## Task description
Retype all the records below exactly as they are, with no image carried over.

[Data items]
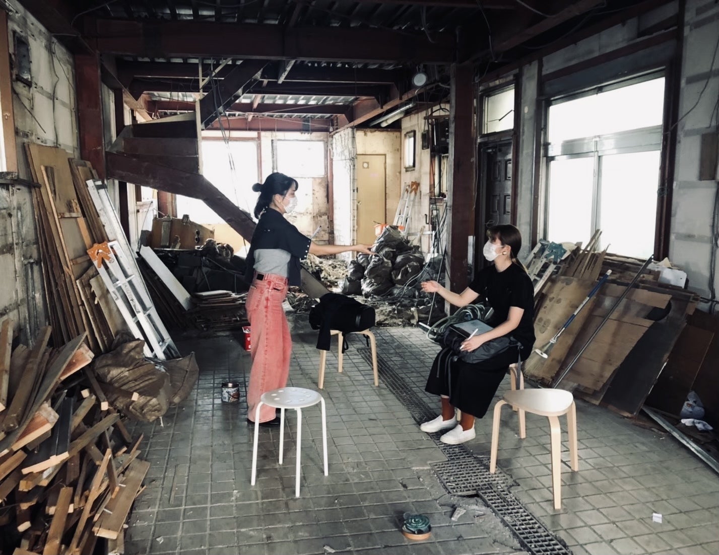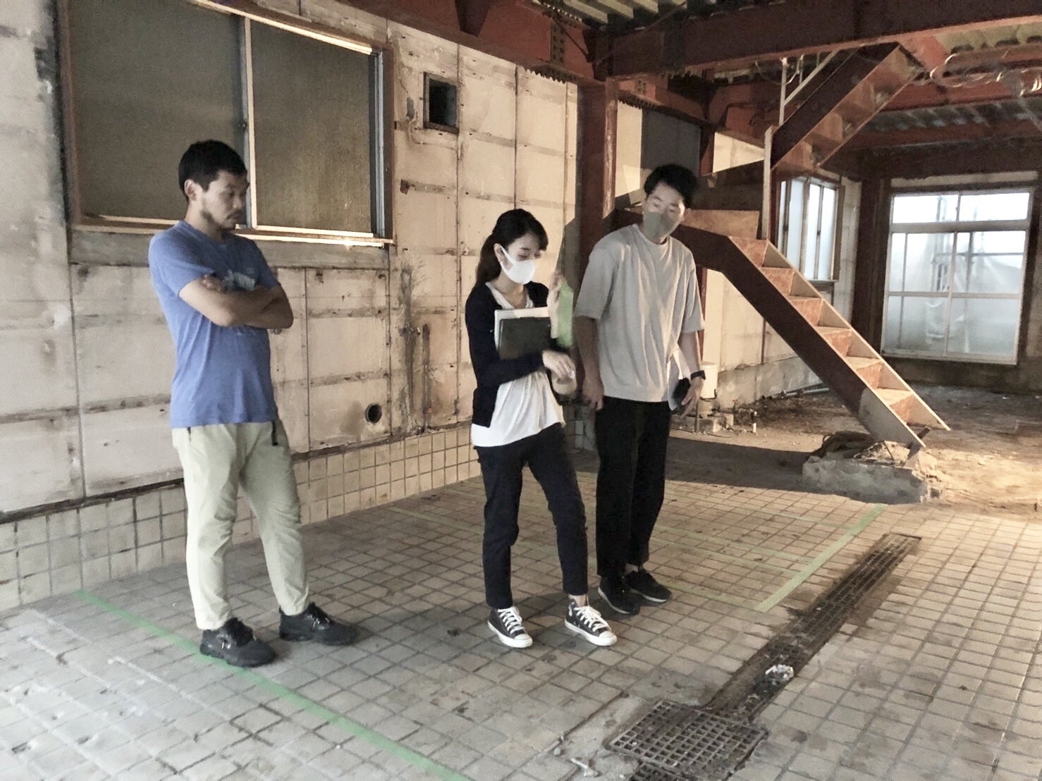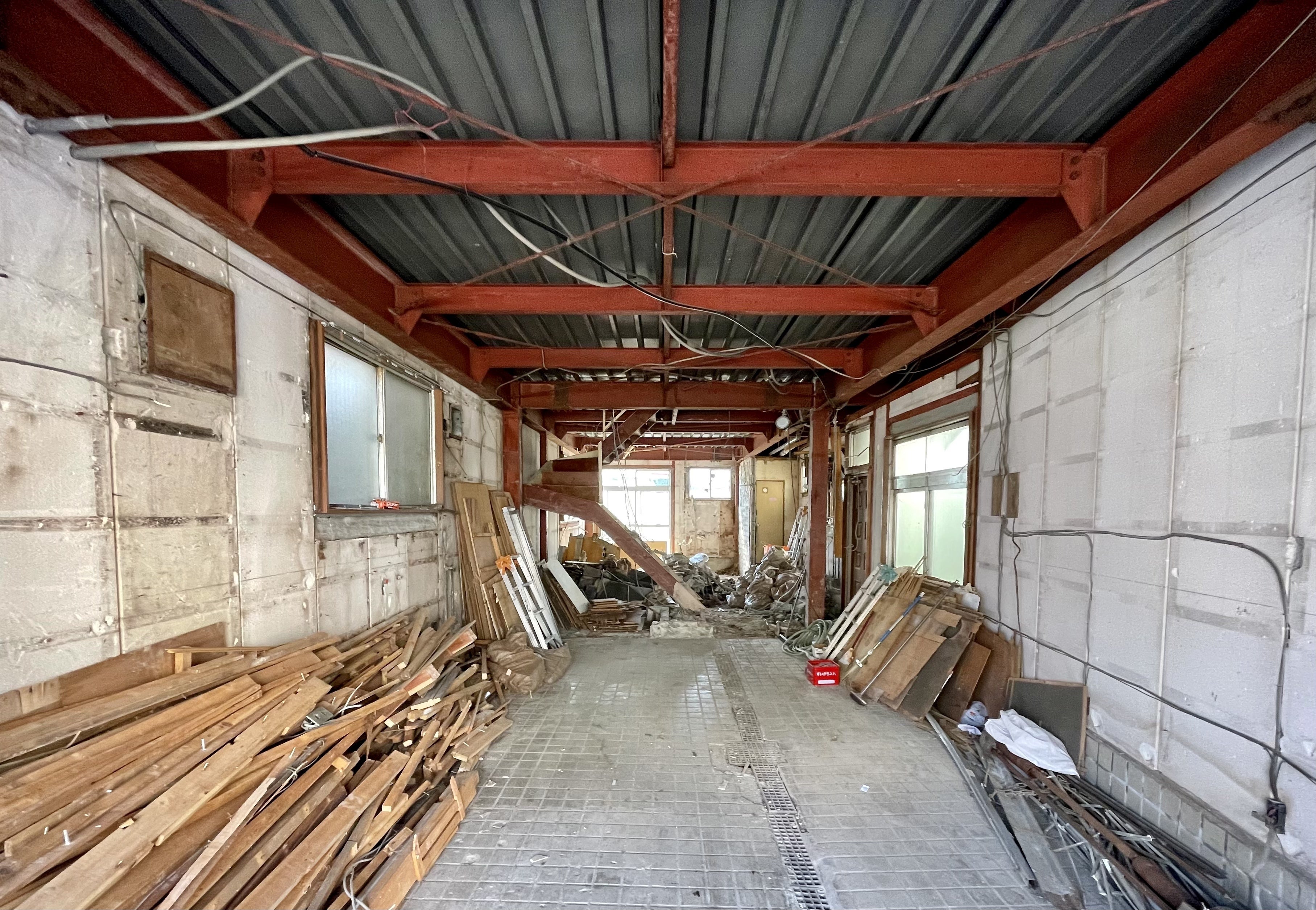 写真は計画初期の頃。元の建物は店舗(かまぼこ店)兼住宅でした。内装を解体して、スケール感を確かめながらアイデア出しをしていきました。
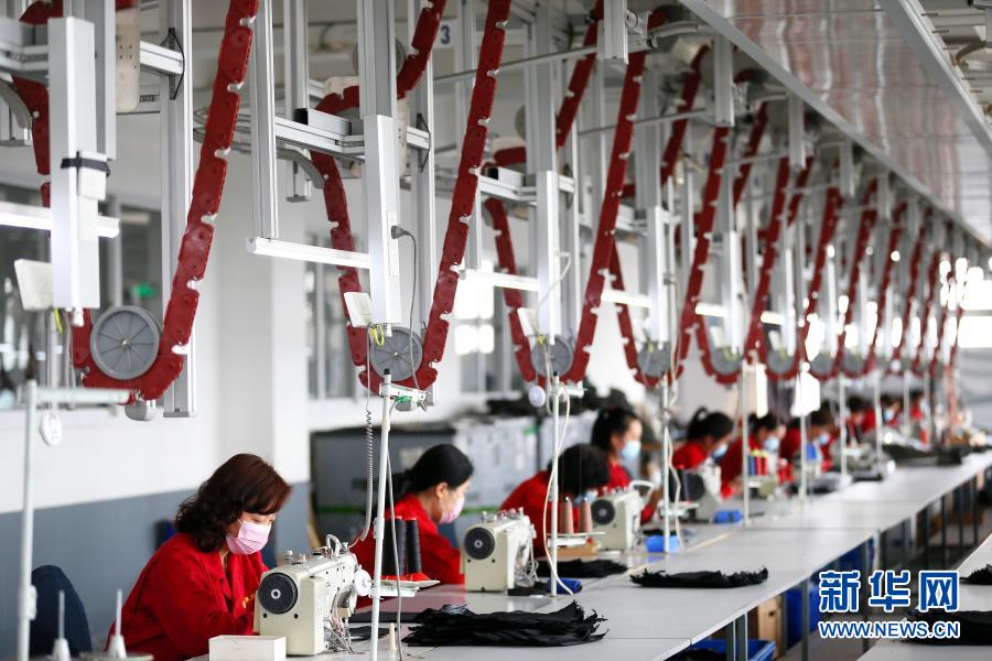 2月23日,青岛市即墨区蓝村街道一家企业的工人在生产出口海外的飞机救生衣包。新华社发(梁孝鹏摄)
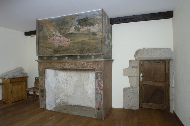 Le logis : la chambre ouest, vue générale sur la cheminée et la porte donnant accès à la garde-robe (17e siècle).Immatriculation
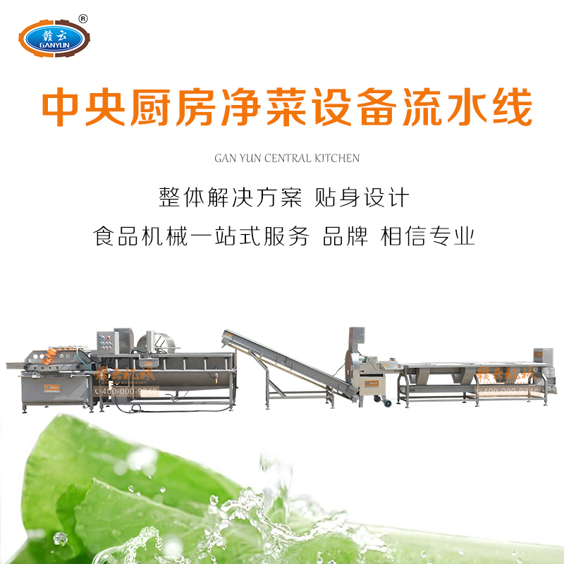 中央廚房凈菜設備流水線_食堂凈菜加工流水線_食堂切配成套設備_贛云掌握中央廚房凈菜設備核心技術(shù),本套設備由分選輸送設備、數(shù)字多元化切配設備、提升設備、渦流臭氧清洗去農(nóng)藥殘留設備、高頻振動機組合而成,可根據(jù)客戶需求定制中大型流水線。
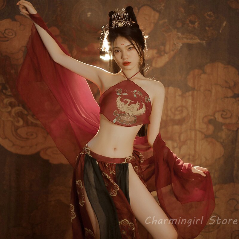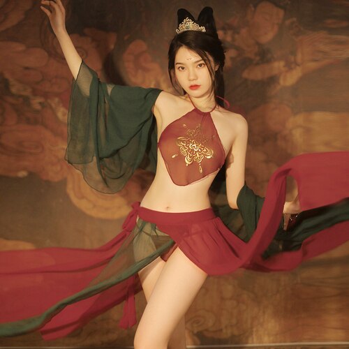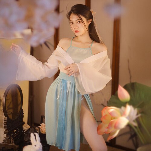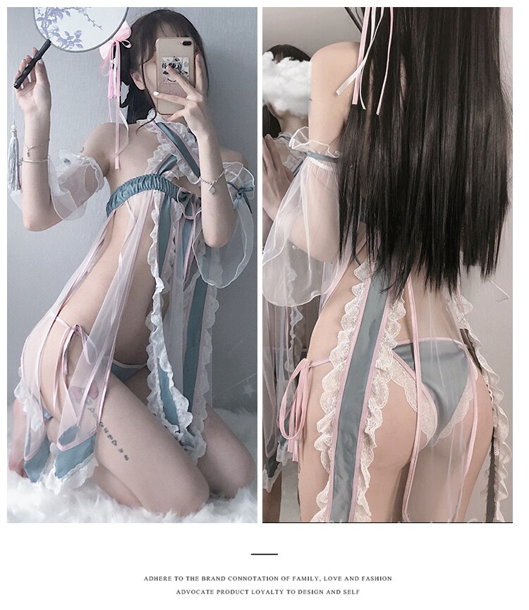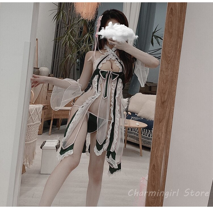 Retro Sexy Night Dress Net Gauze Perspective Temptation Classical Split Hanfu Maid Halloween Outfits for Women Cosplay Lingerie

## Completed exercise
 写真は計画初期の頃。元の建物は店舗(かまぼこ店)兼住宅でした。内装を解体して、スケール感を確かめながらアイデア出しをしていきました。
 2月23日,青岛市即墨区蓝村街道一家企业的工人在生产出口海外的飞机救生衣包。新华社发(梁孝鹏摄)
 Le logis : la chambre ouest, vue générale sur la cheminée et la porte donnant accès à la garde-robe (17e siècle).Immatriculation
 中央廚房凈菜設備流水線_食堂凈菜加工流水線_食堂切配成套設備_贛云掌握中央廚房凈菜設備核心技術(shù),本套設備由分選輸送設備、數(shù)字多元化切配設備、提升設備、渦流臭氧清洗去農(nóng)藥殘留設備、高頻振動機組合而成,可根據(jù)客戶需求定制中大型流水線。
 Retro Sexy Night Dress Net Gauze Perspective Temptation Classical Split Hanfu Maid Halloween Outfits for Women Cosplay Lingerie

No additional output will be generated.